Set down each entry exactly as given; pictures should not appear in the copy.

──────────────────────────────

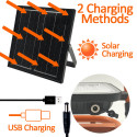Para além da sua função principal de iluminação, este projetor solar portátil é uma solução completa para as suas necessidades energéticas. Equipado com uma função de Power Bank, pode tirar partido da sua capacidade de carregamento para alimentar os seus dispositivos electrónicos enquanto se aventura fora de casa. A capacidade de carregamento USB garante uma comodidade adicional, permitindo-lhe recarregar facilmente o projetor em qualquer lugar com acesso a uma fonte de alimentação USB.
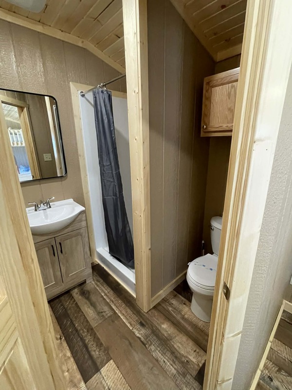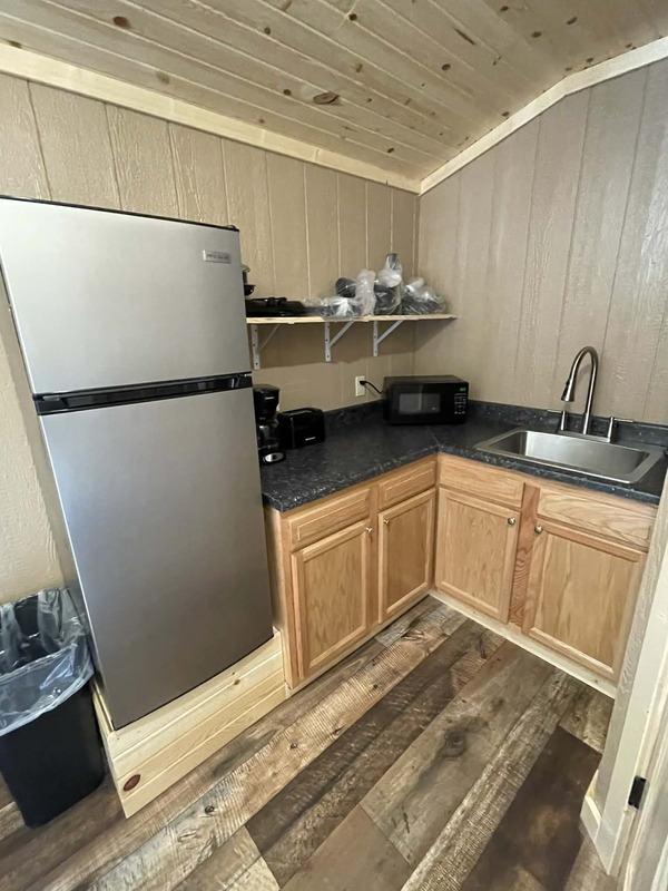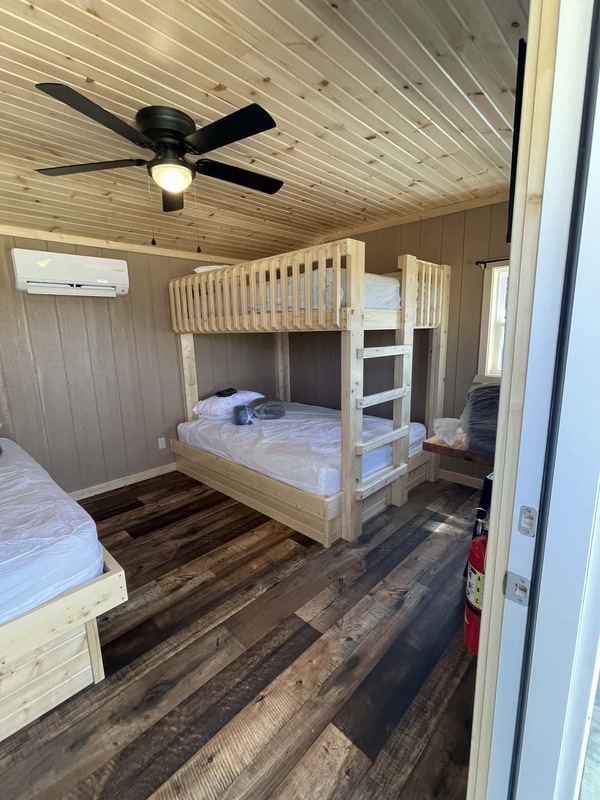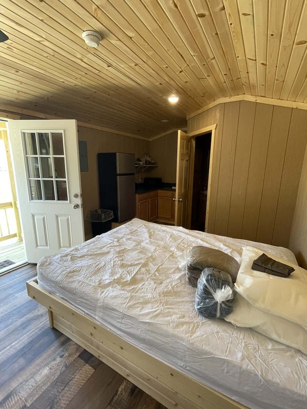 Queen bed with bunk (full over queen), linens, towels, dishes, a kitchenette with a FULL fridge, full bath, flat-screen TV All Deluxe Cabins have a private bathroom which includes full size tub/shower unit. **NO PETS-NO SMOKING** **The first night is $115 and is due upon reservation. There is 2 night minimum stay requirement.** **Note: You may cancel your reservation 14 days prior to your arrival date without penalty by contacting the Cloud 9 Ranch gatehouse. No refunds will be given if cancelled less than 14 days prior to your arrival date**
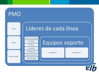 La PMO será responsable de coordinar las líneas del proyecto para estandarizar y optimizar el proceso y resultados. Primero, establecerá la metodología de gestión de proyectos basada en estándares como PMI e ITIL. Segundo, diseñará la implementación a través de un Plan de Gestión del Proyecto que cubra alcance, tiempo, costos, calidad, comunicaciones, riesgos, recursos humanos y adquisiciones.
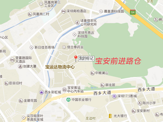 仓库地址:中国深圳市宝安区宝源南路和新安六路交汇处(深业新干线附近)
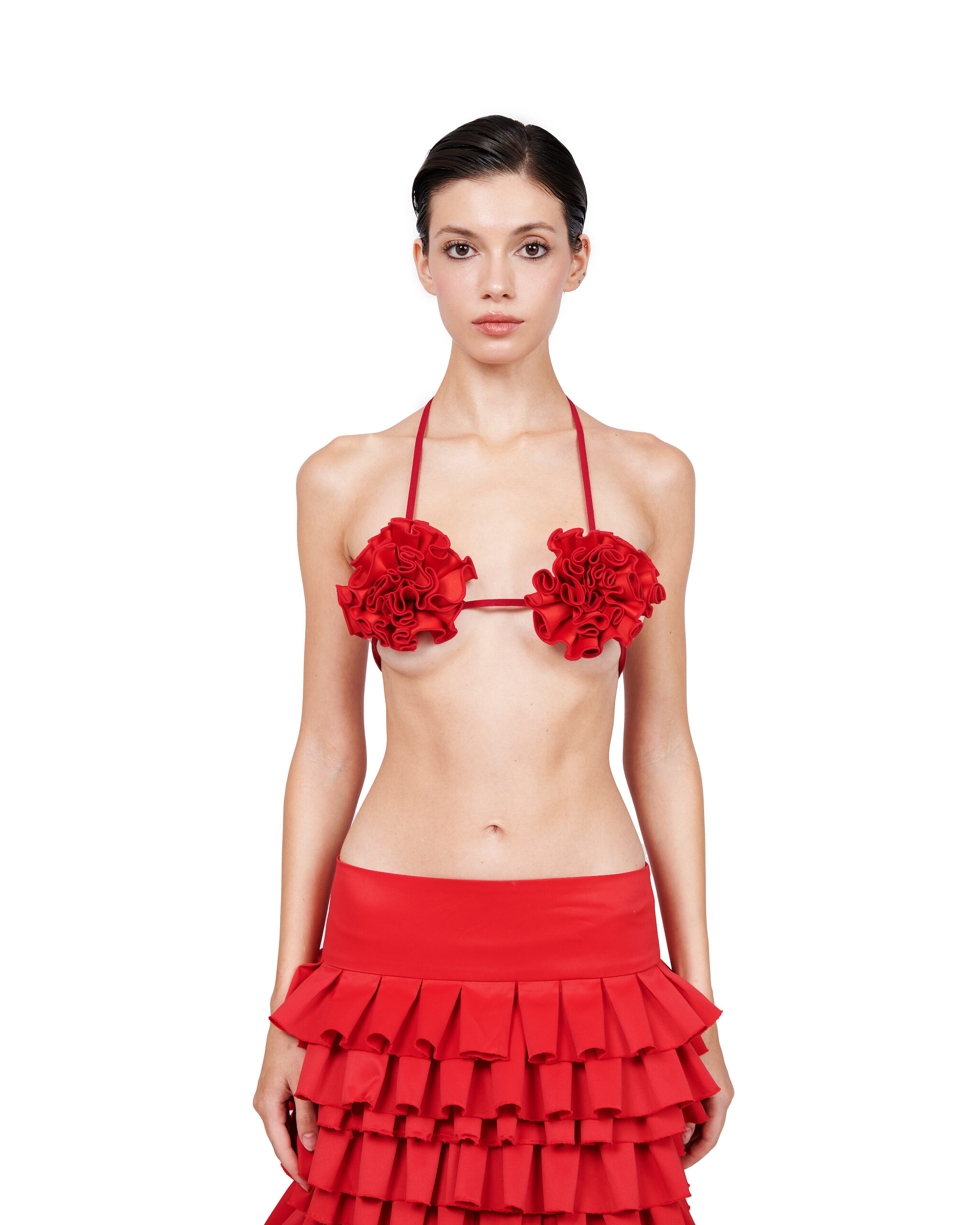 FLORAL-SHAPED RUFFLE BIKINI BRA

──────────────────────────────

*Reply to the exercise*
Para além da sua função principal de iluminação, este projetor solar portátil é uma solução completa para as suas necessidades energéticas. Equipado com uma função de Power Bank, pode tirar partido da sua capacidade de carregamento para alimentar os seus dispositivos electrónicos enquanto se aventura fora de casa. A capacidade de carregamento USB garante uma comodidade adicional, permitindo-lhe recarregar facilmente o projetor em qualquer lugar com acesso a uma fonte de alimentação USB.
 Queen bed with bunk (full over queen), linens, towels, dishes, a kitchenette with a FULL fridge, full bath, flat-screen TV All Deluxe Cabins have a private bathroom which includes full size tub/shower unit. **NO PETS-NO SMOKING** **The first night is $115 and is due upon reservation. There is 2 night minimum stay requirement.** **Note: You may cancel your reservation 14 days prior to your arrival date without penalty by contacting the Cloud 9 Ranch gatehouse. No refunds will be given if cancelled less than 14 days prior to your arrival date**
 La PMO será responsable de coordinar las líneas del proyecto para estandarizar y optimizar el proceso y resultados. Primero, establecerá la metodología de gestión de proyectos basada en estándares como PMI e ITIL. Segundo, diseñará la implementación a través de un Plan de Gestión del Proyecto que cubra alcance, tiempo, costos, calidad, comunicaciones, riesgos, recursos humanos y adquisiciones.
 仓库地址:中国深圳市宝安区宝源南路和新安六路交汇处(深业新干线附近)
 FLORAL-SHAPED RUFFLE BIKINI BRA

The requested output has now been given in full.